Interested in hearing more about chemically tempered glass and how it may be the right solution for you, feel free to contact us.


Properties of chemically tempered glass
The optical quality of chemically tempered glass is extremely good because the surfaces are strengthened by the tempering process without being mechanically affected. This preserves the original optic properties of the surface.
Chemical tempering is particularly suitable for glass that is thinner than 3 mm. Glass all the way down to 0.1 mm in thickness can be processed with a chemical tempering. Glass that is thicker than 3 mm can also be chemically tempered, but since it is a process that strengthens the surface, the impact and bending strength becomes proportionally smaller the thicker the glass. However, you still get resistance to scratches and temperature differences.
CHEMICAL STREGTHENING ADDS FOLLOWING TO THE GLASS:
- Improved impact strength
- Improved flexural strength
- Increased resistance to temperature changes
- Improved scratch resistance
Processing of chemically tempered glass
Unlike thermally tempered glass, chemically tempered glass can be subsequently processed. You can grind, cut and drill in it, but the exposed edges will not be hardened, so the strength of the glass is reduced. It is also possible to chemically harden glass, which is already curved in different shapes.
Chemically tempered glass is not safety glass
Despite the increased strength against impact and bending, chemically tempered glass cannot be qualified as a safety glass. It does not granulate like thermally tempered glass, but instead breaks and shatters similar to ordinary glass (though in much smaller pieces). If the solution requires a safety glass that granulates upon breaking , one should choose thermally tempered glass instead, or 2 chemically tempered glasses that are laminated together, by laminating the glass together it becomes a safety glass.

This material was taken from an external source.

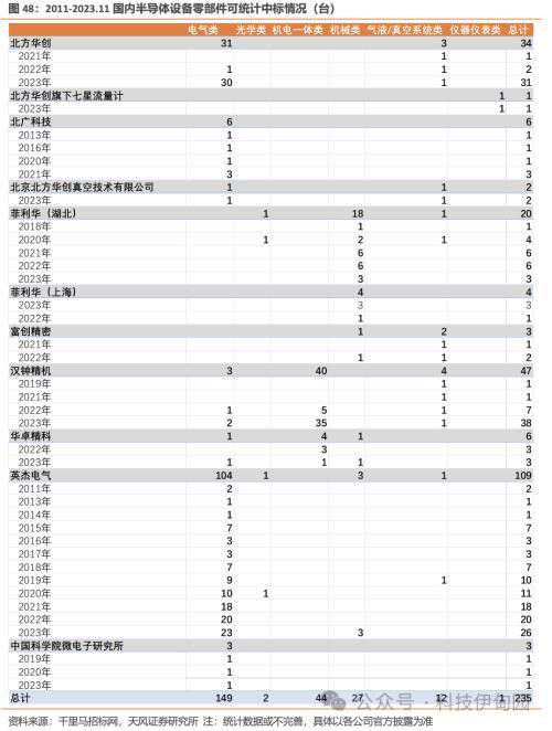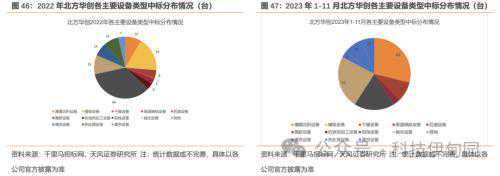 2023年1-11月,北方华创可统计中标设备215台,同比39.61%。其中,薄膜沉积设备62台,同比+688.89%;高温烧结设备19台,同比+137.50%;溅射设备7台,同比+133.33%;刻蚀设备39台,同比-18.75%;清洗设备6台,同比-57.14%;热处理设备19台,同比+58.33%;真空设备12台,同比+140%。

Want to hear more. Contact us and we will help you to find the right solution.
The chemically tempering process
At Mirit Glas, we primarily use two types of glass when we make chemically strengthened glass. It is plain soda-lime glass and aluminosilicate glass. The actual chemical tempering process is the same for both type of glass, but the raw material cost is different, leaving aluminosilicate glass more expensive, but faster to chemical temper, so depending on the size and quantity it must be decided which raw material to choose. Also aluminosilicate glass can be made stronger after chemical tempering than soda-lime glass and when aluminosilicate glass breaks is will break in much smaller pieces than soda-lime glass.
The main ingredient when chemically tempering is potassium nitrate, which is heated to about 400 degrees to make it liquid. The glass is chemically hardened by being immersed in the molten potassium nitrate bath for a certain amount of time.
Soda-lime glass must be immersed in the tank for 16 hours, while aluminosilicate glass can simply be immersed for four hours.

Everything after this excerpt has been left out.